(Recorded data)
=====
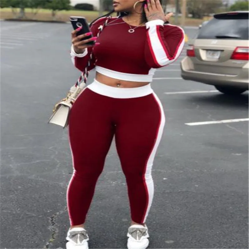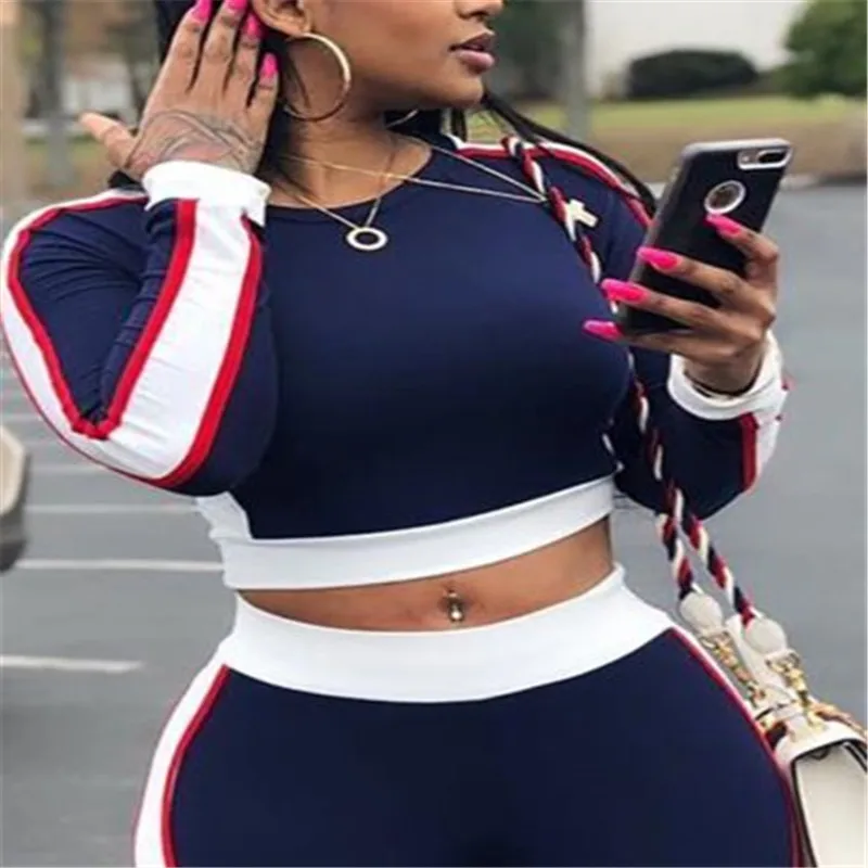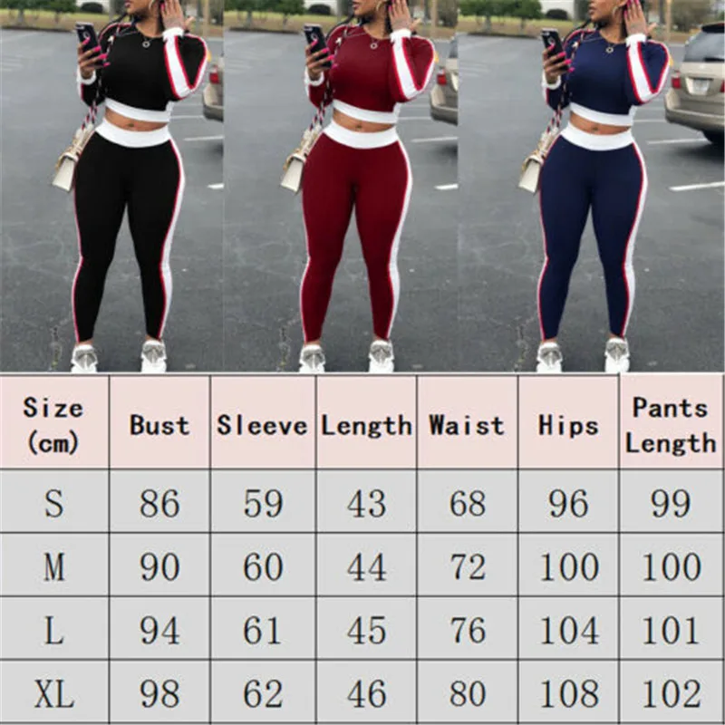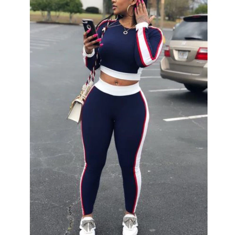 Женский комплект из двух предметов, укороченный спортивный костюм в контрастную полоску с высокой талией, облегающий Женский Топ с длинным рукавом и брюки, однотонный комплект
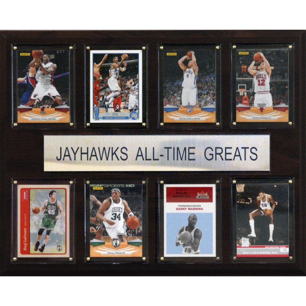 Kansas Jayhawks All-Time Great PlayersEight Licensed, Original Trading Cards12" X 15" cherry wood plaqueFull lens covers to protect cards, picturesPerfect for displaying in an office, rec room or bedroom
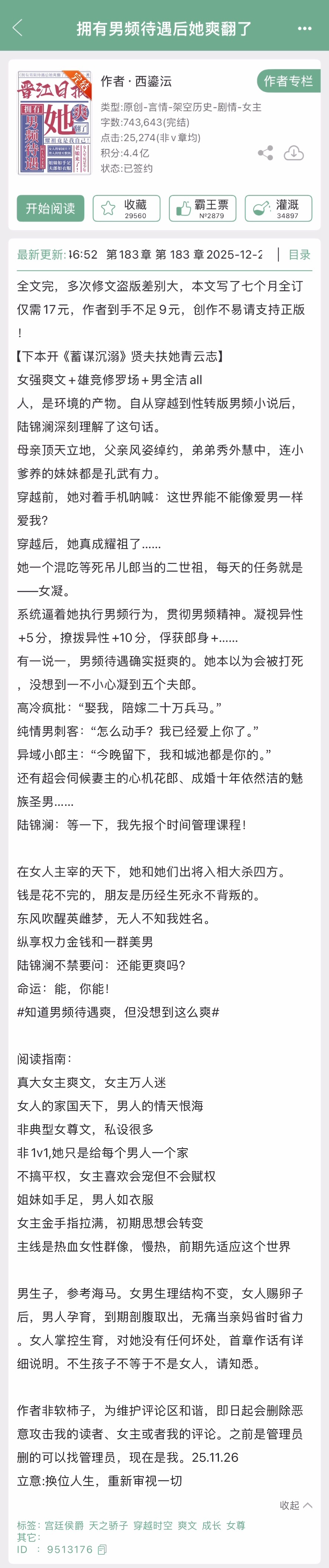 西鎏沄的《拥有男频待遇后她爽翻了》完结啦!女强爽文➕热血女性群像➕女主万人迷➕雄竞修罗场,女人的家国天下,男人的恨海情天
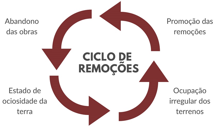 Pelo que foi retratado, a conjuntura segue um percurso que inclui as seguintes fases: a promoção de remoções (inicialmente para viabilizar as obras de macrodrenagem), a paralisação das obras, o estabelecimento do estado de ociosidade da terra e a ocupação irregular dos terrenos ociosos por uma população vulnerável do ponto de vista socioeconômico. Depois disso, são realizadas novas remoções da ocupação irregular, e a situação se repete em um processo cíclico, que chamamos aqui de ciclo de remoções (Figura 1). Os fatores envolvidos na criação do ciclo de remoções explorados ao longo do artigo são associados a diferentes agentes da esfera pública ou privada, envolvendo desde órgãos públicos até o crime organizado.
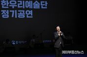 케이부동산뉴스 김교민 기자 | 용인특례시는 5일 오후 수지구 용인평생학습관 큰어울마당에서 ‘한우리예술단 정기공연’이 열렸다고 6일 밝혔다. 용인특례시가 후원하고 용인민예총이 주최·주관한 이날 행사는 우리 고유의 가락과 춤을 한자리에서 만날 수 있는 전통 공연으로 꾸며졌고, 이상일 시장은 1시간 40분간 진행된 공연을 끝까지 지켜본 뒤 공연단을 격려했다. 공연은 농악, 민요, 가야금, 검무 등으로 우리 민족 고유의 소리와 정서, 삶의 이야기를 그려내 큰 박수갈채를 받았다. 할미성 농악 보존회는 꽹과리, 장구, 북, 징, 태평소 등의 악기를 활용해 역동적인 농악 판굿을 선보였다. 용인 아리랑 보존회는 청춘가, 태평가, 창부타령 등 흥겨운 경기민요를 열창하며 분위기를 이끌었다. 이어 검무가 남지연씨의 검무공연이 펼져졌다. 앙상블 더 가야금은 대중에게 친숙한 고향의 봄, 꽃타령, 까투리타령 등을 가야금 병창으로 들려주며 국악의 매력을 선사했다. 한우리예술단은 화려한 가락이 돋보이는 설장구로 타악의 진수를 보여줬다. 이상일 시장은 축사에서 “올해로 32회를 맞이한 한우리예술단 정기공연은 전통문화예술의 정서를 전승하고 발전시켜왔으며, 오랜 기간 시민들과 소통하며 국악,
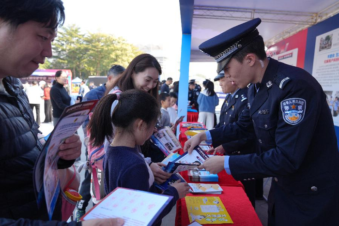 各警种在咨询体验区耐心讲解反诈、禁毒、户政、交通等安全知识
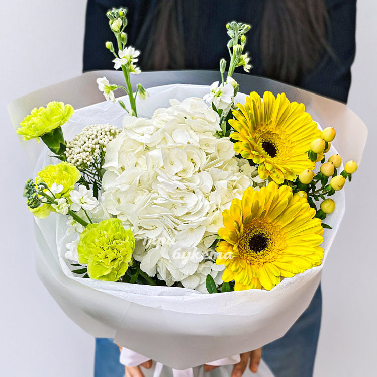Белый букет с гвоздиками и герберами
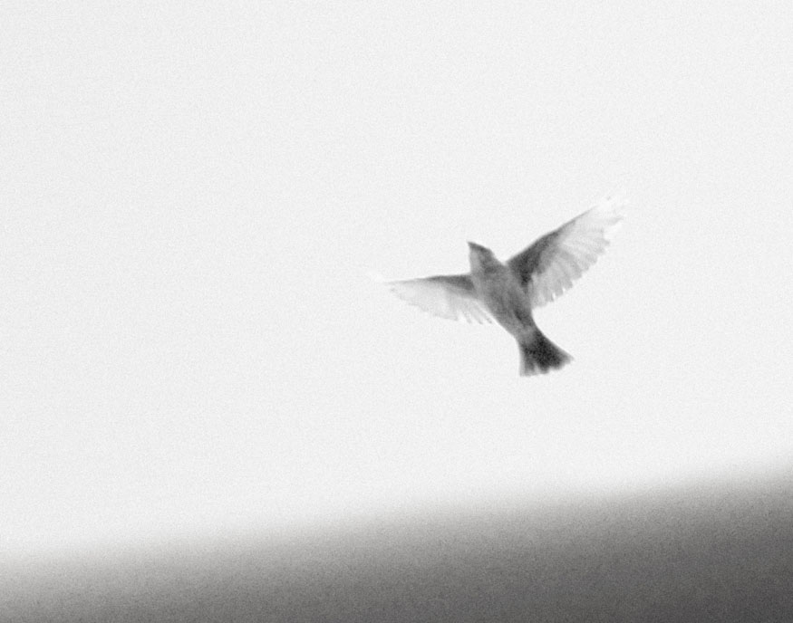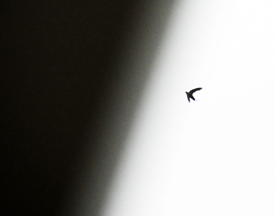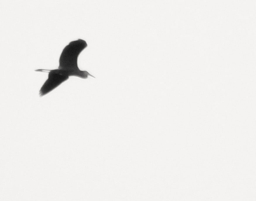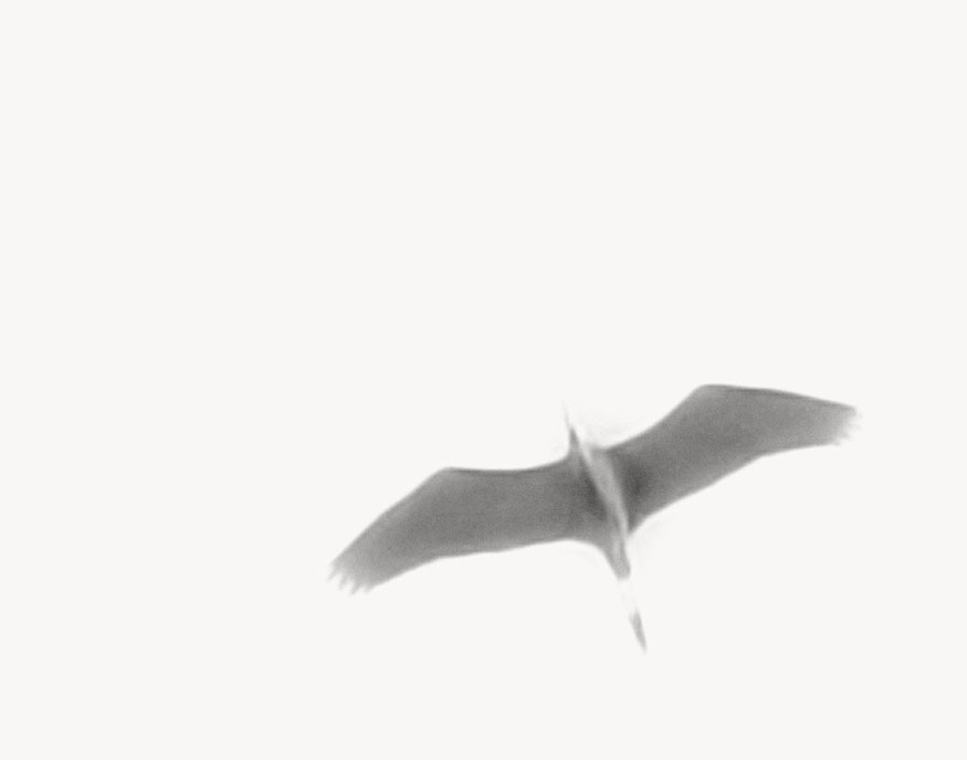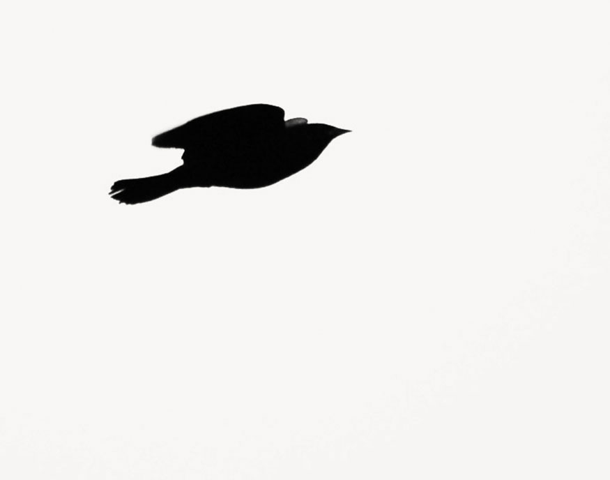 Silhouette: a series of about twenty-five digital photos taken with extremely long lenses far outside the range of normal human vision, on cloudy days, of birds in flight and at angles to the sunlight that caused them to be silhouetted — a careful study of natural forms that fall outside our normal perceptions. Dimensions variable.
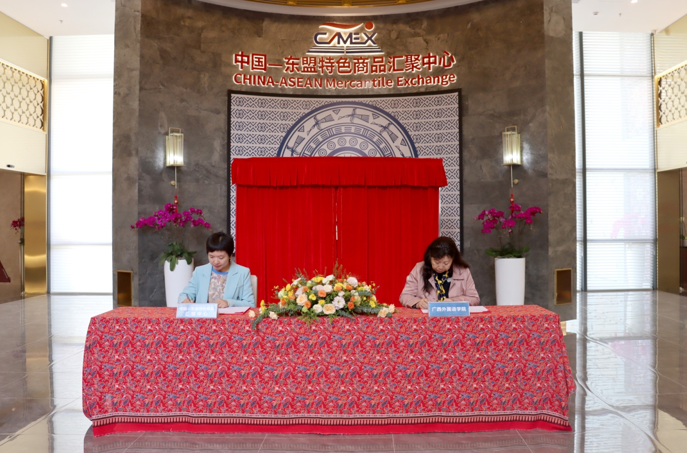 2023年12月7日,中國(guó)—東盟特色商品匯聚中心(簡(jiǎn)稱(chēng)“匯聚中心”)與廣西外國(guó)語(yǔ)學(xué)院舉行合作共建校外實(shí)習(xí)實(shí)踐教育基地簽約和揭牌儀式。廣西外國(guó)語(yǔ)學(xué)院校長(zhǎng)蒙麗珍、中國(guó)—東盟特色商品匯聚中心副總經(jīng)理盧春梅等出席了此次儀式。
=====
Up to and including the line with "西鎏沄的《拥有男频待遇后她爽", repeat every line from the top of the entries exactly, but not the pictures.

 Женский комплект из двух предметов, укороченный спортивный костюм в контрастную полоску с высокой талией, облегающий Женский Топ с длинным рукавом и брюки, однотонный комплект
 Kansas Jayhawks All-Time Great PlayersEight Licensed, Original Trading Cards12" X 15" cherry wood plaqueFull lens covers to protect cards, picturesPerfect for displaying in an office, rec room or bedroom
 西鎏沄的《拥有男频待遇后她爽翻了》完结啦!女强爽文➕热血女性群像➕女主万人迷➕雄竞修罗场,女人的家国天下,男人的恨海情天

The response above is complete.